Follow the above steps.^^^^^^^^ Ford xxx posted
1 spark
2 fuel...there is a drain bolt on bottom of carb.
3 6v pos ground.........they will run the other way but that confuses generator if its still good.

figure out 1-3 and report


----------



## lwooten1201 (4 mo ago)

The only thing that I'm not sure of is if it is getting fuel....it does have spark. I'm wondering if there is a issue with the carburetor or the fuel line going to the carb..... the tractor attempts to start but just can't quite turn over.


----------



## Ford5610II (Jun 11, 2020)

Sounds like your battery needs a boost.


----------



## lwooten1201 (4 mo ago)

Brand new battery


----------



## lwooten1201 (4 mo ago)

We pulled the plug on the carb to see if it had fuel to it and it was a slight drip.....not very knowledgeable about this stuff so I'm not sure what it is supposed to look like


----------



## HarveyW (Sep 15, 2014)

You should be able to fill a pint jar in 2-3 minutes from the drain plug on the carburetor bowl.


----------



## lwooten1201 (4 mo ago)

HarveyW said:


> You should be able to fill a pint jar in 2-3 minutes from the drain plug on the carburetor bowl.

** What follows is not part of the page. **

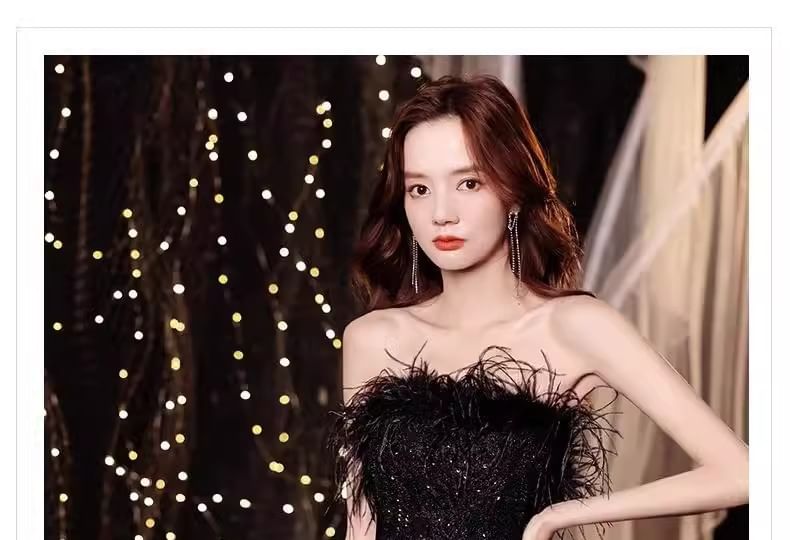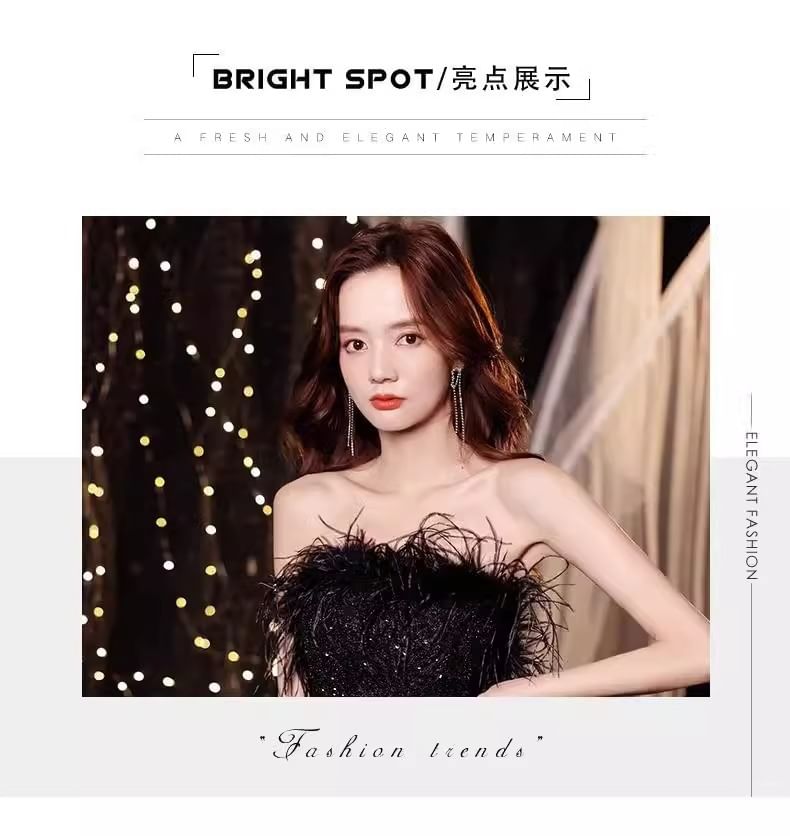 Strapless Sequin Lace Panel Feather Trim A-Line Evening Gown
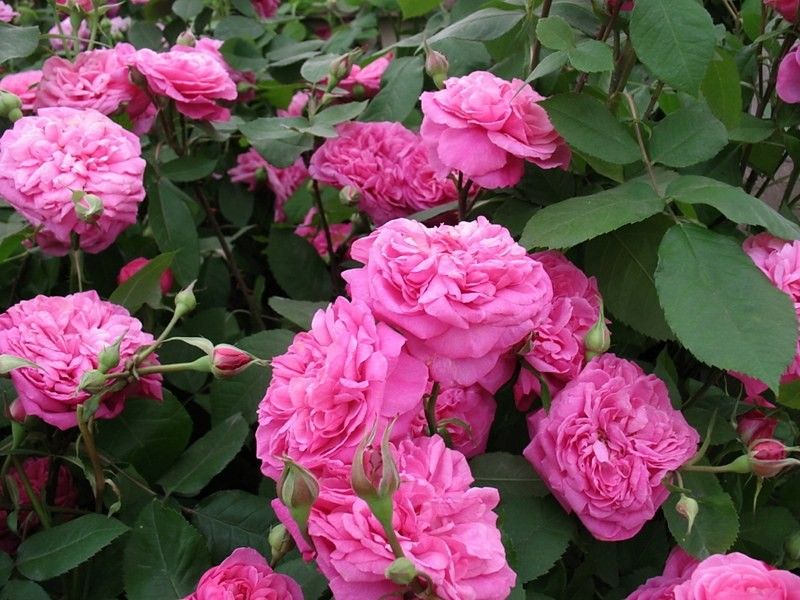- Цветы: Великолепные, густомахровые цветы насыщенного розового цвета, которые раскрываются в виде чашевидных бутонов и источают насыщенный, классический аромат старинных роз.

Ok, it definitely didn't have enough of a drip to accomplish that....so that is very insightful


----------



## thedukes (Jan 9, 2022)

Does the fuel tank still have the Glass bowl under it with the round knob??

1 turn out is "ON"

to get to the fuel at bottom of tank...Open knob all the way ...Several turns.

Clean the knob...directions are stamped on it.

There is a Brass elbow on carb where Gas enters.

On the back of that elbow is a Screen.

Be very carefull if you mess with this as you can wreck that elbow super easy and fuel line Will NOT re connect.

Pull glass bowl from under tank and clean.
While its off ...open valve ...With a catch can under that area and be sure there is gas flow.

Fire ext. handy would be a great idea.

Should be a metal fuel line from Glass bowl ...to Carb.
No rubber...No fuel filter...all down hill..Its gravity fed.


----------



## fuddy1952 (Mar 6, 2021)

If you're getting spark, choke&throttle open spray a little starting fluid in & try.

Sent from my SM-S205DL using Tapatalk


----------



## thedukes (Jan 9, 2022)

Check and clean the oil bath air cleaner.

This is an hour long project to do it right.

or just dis connect the Air cleaner inlet tube At Carb to get it started.


----------



## lwooten1201 (4 mo ago)

thedukes said:


> Does the fuel tank still have the Glass bowl under it with the round knob??
> 
> 1 turn out is "ON"
> 
> ...


I replaced the bowl because the original got stuck and would not turn. Put the new one on and it filled with fuel but as I said earlier there was only the slightest of drips coming from the varb....so I'm wondering if there is an issue with the brass fuel line or the carb


----------



## lwooten1201 (4 mo ago)

thedukes said:


> Check and clean the oil bath air cleaner.
> 
> This is an hour long project to do it right.
> 
> or just dis connect the Air cleaner inlet tube At Carb to get it started.


hcarbhave also cleaned the oil bath air filter and have also disconnected the air inlet


----------



## thedukes (Jan 9, 2022)

Next step is that screen in the elbow to carb.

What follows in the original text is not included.